Records from a data source:
..........

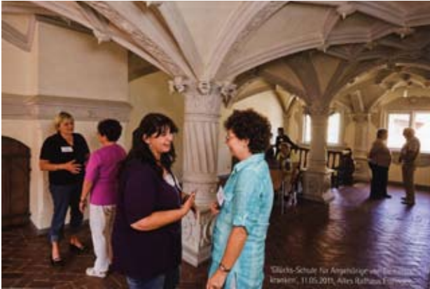
Beitrag des Landkreises zur Demenzoffensive: "Glücks-Schule" für betreuende Angehörige

die sich 1-2-mal pro Monat um die schriftlichen Dinge in ausgewählten Haushalten bei alten Menschen kümmern. Auch dieses Angebot soll evtl. um neue Engagierte erweitert werden. - Viele Besucher hatte der Pflegestützpunkt übrigens aus Anlass des Denkmaltages am 11. September. Das ehemalige Dekanatsgebäude wurde vom Publikum gestürmt und ermöglichte eine „wunderbare andere Öffentlichkeitsarbeit.“
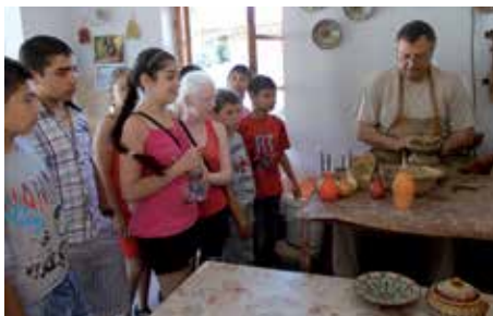
Möglich durch das schulergänzende Projekt STEP IN: Besuch einer Töpferei.
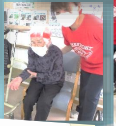
ポッチャで オリンピック気分♪
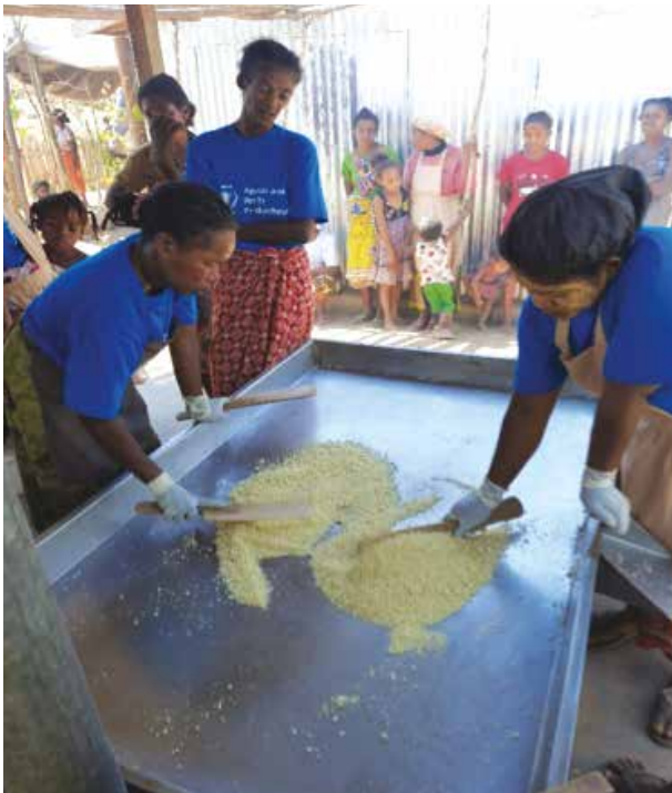
Quelques femmes bénéficiaires du projet

Améliorer, dans trois régions du Grand Sud malgache (Anosy, Androy et Atsimo Atsinanana), le profil de consommation des ménages, en particulier la sécurité alimentaire et le statut nutritionnel des femmes et des enfants à travers l'accès à des produits alimentaires de base fortifiés, tout au long de l'année.

..........

Work task
Write out, exactly as they stand, the line with "ポッチャで オリンピック気分♪" and every line after it through the end of the entries above; omit the pictures.

Response
ポッチャで オリンピック気分♪
Quelques femmes bénéficiaires du projet

Améliorer, dans trois régions du Grand Sud malgache (Anosy, Androy et Atsimo Atsinanana), le profil de consommation des ménages, en particulier la sécurité alimentaire et le statut nutritionnel des femmes et des enfants à travers l'accès à des produits alimentaires de base fortifiés, tout au long de l'année.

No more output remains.